How to complete this task
Please print, exactly, only the lines in the entries below from the line that has "So take a look" through the line that has "धान खरीदी की". Pictures don't go in.

Task data
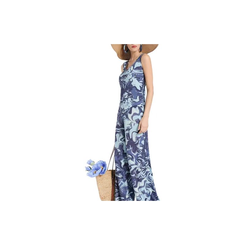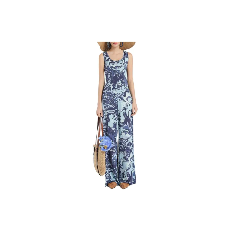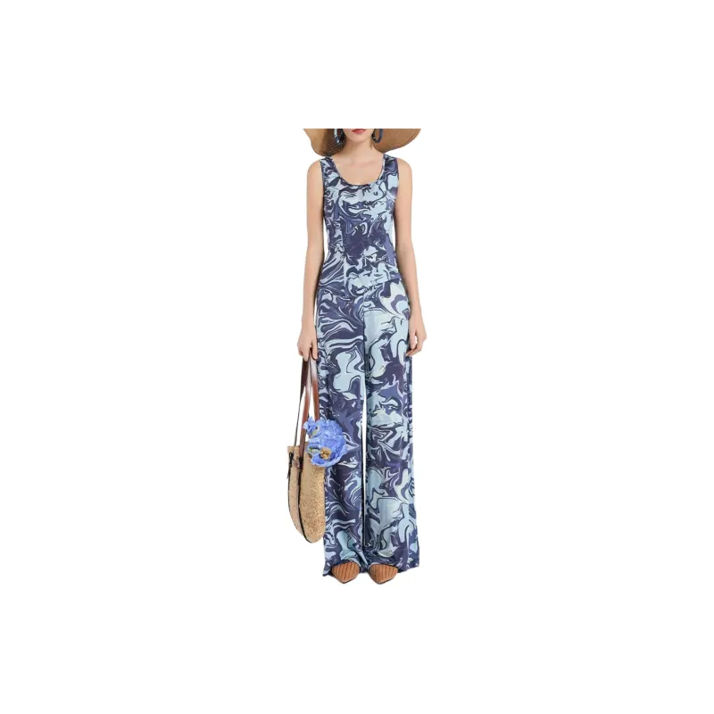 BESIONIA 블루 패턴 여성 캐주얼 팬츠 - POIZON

--

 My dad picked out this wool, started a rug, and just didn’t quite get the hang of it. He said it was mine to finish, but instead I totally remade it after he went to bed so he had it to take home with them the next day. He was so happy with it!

...

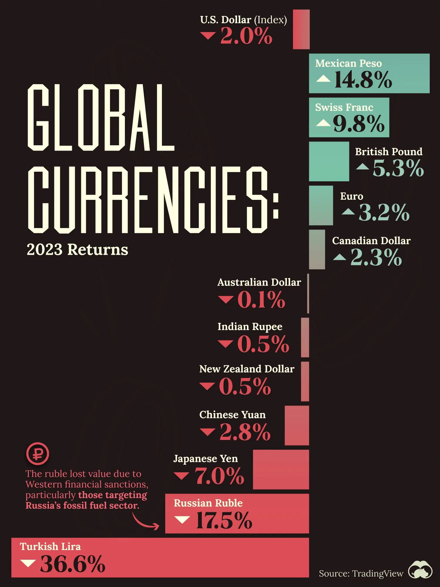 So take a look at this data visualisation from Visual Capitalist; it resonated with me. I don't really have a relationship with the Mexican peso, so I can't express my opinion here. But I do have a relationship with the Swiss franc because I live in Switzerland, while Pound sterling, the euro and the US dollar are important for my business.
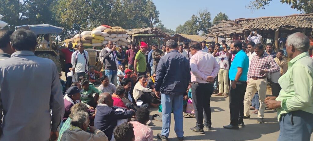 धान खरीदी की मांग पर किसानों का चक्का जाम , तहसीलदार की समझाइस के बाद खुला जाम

Solution to the problem
 So take a look at this data visualisation from Visual Capitalist; it resonated with me. I don't really have a relationship with the Mexican peso, so I can't express my opinion here. But I do have a relationship with the Swiss franc because I live in Switzerland, while Pound sterling, the euro and the US dollar are important for my business.
 धान खरीदी की मांग पर किसानों का चक्का जाम , तहसीलदार की समझाइस के बाद खुला जाम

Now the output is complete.